Managing allergies and preventing colds and infections

Allergies, colds, and infections can block the eustachian tube, making ear infections more likely.

Proper hygiene and attending a smaller day care can help decrease a child’s exposure to colds.

Ensuring that a child’s vaccinations are up to date can help prevent infections that can lead to otitis media.

Breastfeeding

The American Academy of Pediatrics (AAP) recommends that parents exclusively breastfeed their infants, at least for the first 6 months.

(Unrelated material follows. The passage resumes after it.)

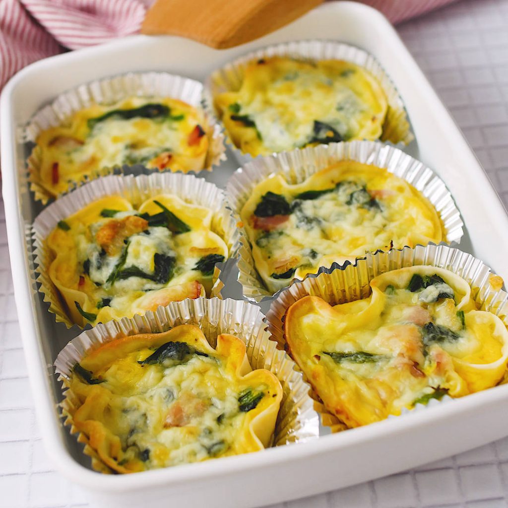 「ほうれん草とベーコンのカップキッシュ」のレシピと作り方を動画でご紹介します。餃子の皮を使うと簡単にお弁当サイズのキッシュが作れます。作り置きとして活用できるのでとっても便利ですよ!食べる際は温めて召し上がってくださいね♪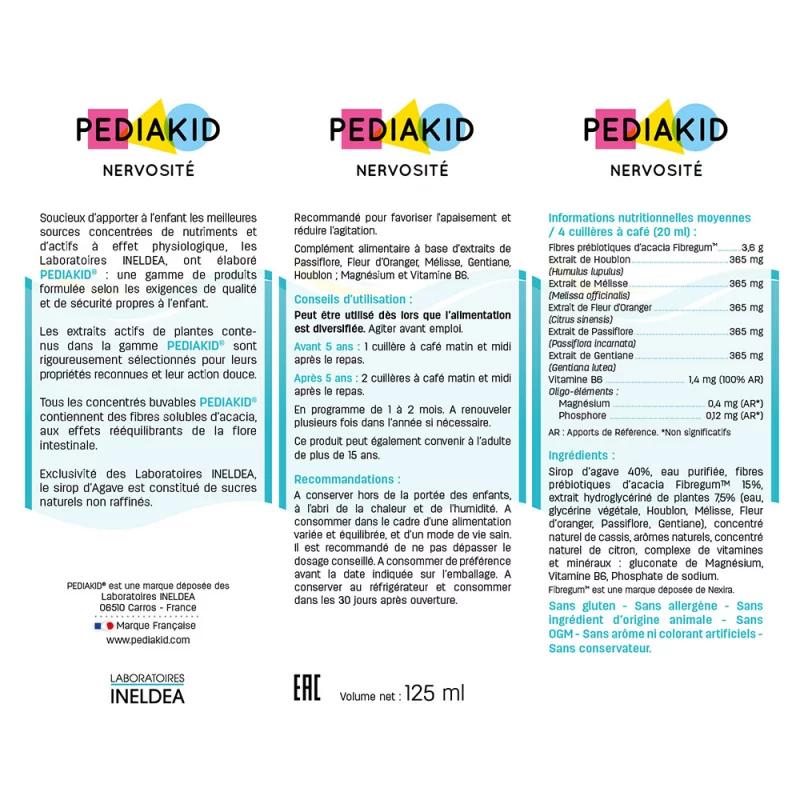 PEDIAKID НАТУРАЛЬНОЕ ПИТЬЕВОЕ СРЕДСТВО ДЛЯ СНЯТИЯ ПОВЫШЕННОЙ ВОЗБУДИМОСТИ И НЕРВОЗНОСТИ / NERVOSITE, 125 мл

Breastmilk contains antibodies that reduce the likelihood of ear infections.

This lowers the infant’s risk of acute otitis media, among other health benefits. The benefits are most notable in the first 2 months, based on a 2019 longitudinal study.

Stopping pacifier use

The American Academy of Family Physicians (AAFP) joins AAP in advising parents to reduce or wean their children’s pacifier use from 6 months to prevent ear infections.

A 2021 report found that children using pacifiers are nearly twice at risk for ear infections.

Bottle feeding in an upright position

Feeding a baby lying flat can cause fluids to fall back into the eustachian tubes. Feeding them with their heads higher than their stomachs can prevent this.

Leaving a bottle in bed at night with a child is also not advised. This is to discourage them from drinking on their back.

Removing enlarged adenoids

Constantly breathing through the mouth or frequently snoring may indicate that a person has enlarged adenoids, a tonsil-type tissue at the back of the throat.

Enlarged adenoids may contribute to ear infections. Adenoids can be removed through adenoidectomy, and ear tubes may be placed simultaneously when more than one set of tubes is needed.

Vaccination

Studies have shown that vaccinated children are less likely to get ear infections. The National Institute on Deafness and Communication Disorders (NIDCD) recommends that children get the flu and pneumococcal vaccine every year.

Ear infections are common in children, but adults can also get them. Most of the time, these infections are not serious and typically resolve on their own within 3–5 days.

When antibiotics are necessary, a person can expect relief within 48–72 hours. If symptoms do not get better by this time, they should contact a healthcare professional.